Re: [PATCH] KVM: SVM: fix trashing of MSR_TSC_AUX

[Borislav Petkov <bp@alien8.de>]

On Wed, Jul 06, 2016 at 03:43:16PM +0200, Paolo Bonzini wrote:
> I don't know what I was thinking when I wrote commit 46896c73c1a4 ("KVM:
> svm: add support for RDTSCP", 2015-11-12); I missed write_rdtscp_aux which
> obviously uses MSR_TSC_AUX.
> 
> Therefore we do need to save/restore MSR_TSC_AUX in svm_vcpu_run.
> 
> Cc: stable@vger.kernel.org
> Cc: Borislav Petkov <bp@alien8.de>
> Fixes: 46896c73c1a4 ("KVM: svm: add support for RDTSCP")
> Signed-off-by: Paolo Bonzini <pbonzini@redhat.com>

Something's still missing. I have a small program which does RDTSCP in
the guest:

$ taskset -c 3 ./rdtscp
aux1: 0x0
aux2: 0x0
p1: 195514968442, p2: 195515255582, 287140

and the aux things which are %ecx, are 0 (should be 3 in that case).

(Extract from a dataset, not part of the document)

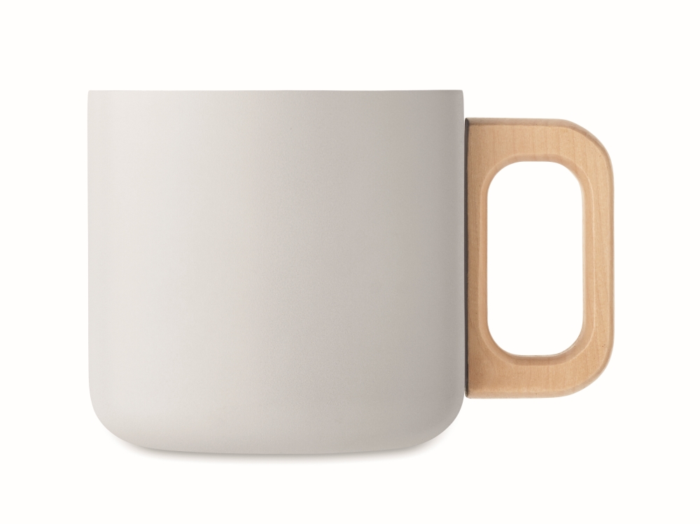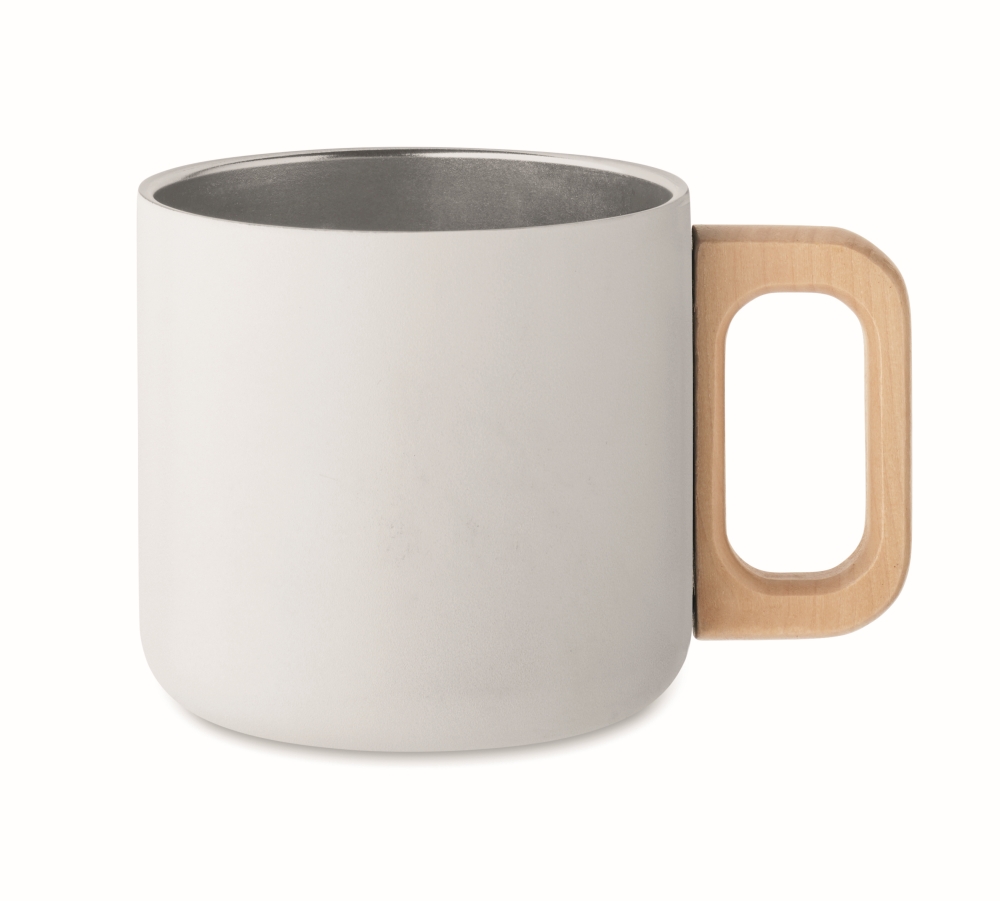 Double wall mug in recycled stainless steel (90% recycled stainless steel and 10% stainless steel) mug with wooden handle. Capacity: 350 ml. Dimensions: O 8,5 x 8 cm

It did work with my patch with the RDTSCP intercept:

$ taskset -c 3 ./rdtscp
aux1: 0x3
aux2: 0x3
p1: 157117003683, p2: 157119280794, 2277111

Btw, just for my own understanding: if we don't intercept RDTSCP, does
it get emulated? Where does the TSC value come from, qemu?

Here's the program.

---

#include <stdio.h>
#include <stdlib.h>
#include <unistd.h>

typedef unsigned long long u64;

#define DECLARE_ARGS(val, low, high)    unsigned low, high
#define EAX_EDX_VAL(val, low, high)     ((low) | ((u64)(high) << 32))
#define EAX_EDX_ARGS(val, low, high)    "a" (low), "d" (high)
#define EAX_EDX_RET(val, low, high)     "=a" (low), "=d" (high)

static __always_inline unsigned long long rdtscp(unsigned int *aux)
{
	unsigned int lo, hi;

        asm volatile("rdtscp" : "=a" (lo), "=d" (hi), "=c" (*aux));

        return EAX_EDX_VAL(0, lo, hi);
}

int main()
{
	unsigned long long p1, p2;
	unsigned int aux;

	p1 = rdtscp(&aux);
	printf("aux1: 0x%x\n", aux);
	p2 = rdtscp(&aux);
	printf("aux2: 0x%x\n", aux);

	printf("p1: %llu, p2: %llu, %lld\n", p1, p2, p2 - p1);

	return 0;
}

-- 
Regards/Gruss,
    Boris.

ECO tip #101: Trim your mails when you reply.